Twenty-first century physicians must successfully function in a health care environment that capitalizes on the resources of teams to deliver patient care. Improvements in quality, reduction in cost, optimization of efficiency and ultimately achieving the best possible patient outcomes and safety all depend on highly effective and smoothly functioning teams. Physicians-in-training are at an ideal teachable moment in their professional development to understand and master these team communication skills.
At UPSOM, the approach to interprofessional and team education is to incorporate this as a longitudinal curriculum theme where there is a progressive build and reinforcement throughout the four years. Students develop these skills through a spectrum of clinical and non-clinical experiences, each contributing to their personal development. Within this domain is also the development of leadership skills which includes both the ability to lead and the ability to function well with a leader.
UPSOM defines interprofessional education consistent with WHO (2010) and the Interprofessional Education Collaborative (IPEC). IPE is “when students from two or more professions learn about, from and with each other to enable effective collaboration and improve health outcomes.”
Help all students develop the skills and behaviors necessary to function well within and to lead professional and interprofessional teams.
The following are a sample of the curricular experiences in interprofessional and team education.
Since it was initiated in 2008, this annual half-day experience provides students from all University of Pittsburgh Health Sciences Schools, including all first year medical students, the opportunity to learn together about the essential and fundamental importance of interprofessional healthcare delivery. After observing a patient interview, students heard from a diverse panel of health sciences deans about the opportunities for improved patient care and interprofessional communication that were revealed. Students were then charged to develop their own proposals for improving interprofessional education at the University of Pittsburgh as part of an annual prize competition for curricular development in this domain.

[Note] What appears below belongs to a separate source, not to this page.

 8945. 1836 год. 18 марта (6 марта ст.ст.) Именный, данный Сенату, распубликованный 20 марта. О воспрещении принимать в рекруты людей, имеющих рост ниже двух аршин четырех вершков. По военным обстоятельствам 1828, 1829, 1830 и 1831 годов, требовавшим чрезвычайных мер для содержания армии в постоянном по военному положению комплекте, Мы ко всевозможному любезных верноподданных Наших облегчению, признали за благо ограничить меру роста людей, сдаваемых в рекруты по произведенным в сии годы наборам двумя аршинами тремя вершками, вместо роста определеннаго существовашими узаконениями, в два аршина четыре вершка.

Clinical Clerkship Experiences
Medical students necessarily are assimilated into interprofessional teams in a variety of care settings as part of the clinical experience. For example, the anesthesia and surgical faculty serve as superb and continuous models of how physicians may interact with a multi-disciplinary team as nurses, technicians, perfusionists and a broad range of support staff come together in the complex environments of the peri-operative and surgical suite.

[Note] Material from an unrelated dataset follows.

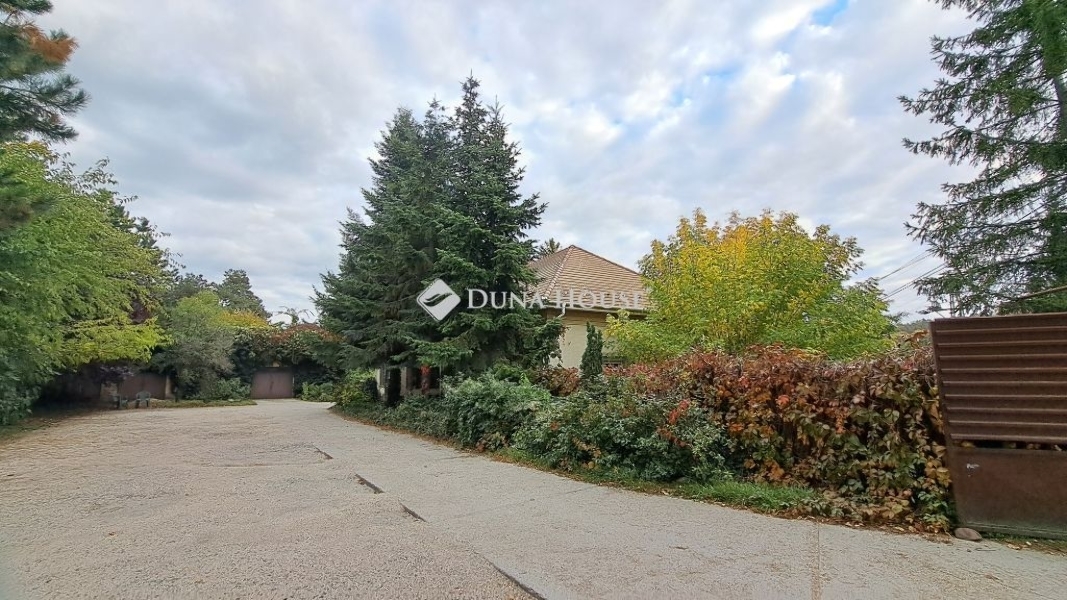 A saroktelken álló épület az utcafronttól távolabb, a telek közepén található, így védve van a zajtól és a kíváncsi tekintetektől. Magas fenyők, ciprusok és dús növényzet ölelik körbe, megteremtve a zöld, békés életteret.

All students also have at least two week's experience in emergency department care as part of the Specialty Care Clerkship. Students are immersed in an environment that depends on synchrony among all members in the chain of health care delivery, beginning in the pre-hospital setting and extending all the way to the inpatient ward, as for example the trauma team. Here, students come to learn how the contributions of all of the trauma team members from various medical, surgical, nursing, imaging and laboratory departments converge to deliver the best possible care with the greatest rapidity and clear communication. They also have an opportunity to observe the dynamic nature of these highly functioning teams as leadership roles are often quite fluid with the arrival and departure of various clinical specialists to the trauma resuscitation suite.
Students are exposed to a range of interprofessional teams during the Clinical Experiences Course, a required course for first- and -second year students. Students often rotate in clinical settings that are primarily staffed by physician extenders and other health professionals. Medical students, as physicians-in-training, are well served to recognize that the majority of patient benefit in these settings is delivered by someone other than the physician. This provides an irreplaceable opportunity for modeling how they may function well as part of interprofessional teams, and a glimpse of how a large portion of health care will necessarily be delivered looking to the future.
All third-year medical students join with nursing and pharmacy students for this week-long course that consists of didactic, small group, and nursing home experiences that highlight the interdisciplinary nature of patient care and the special contributions each profession provides to high-quality patient care.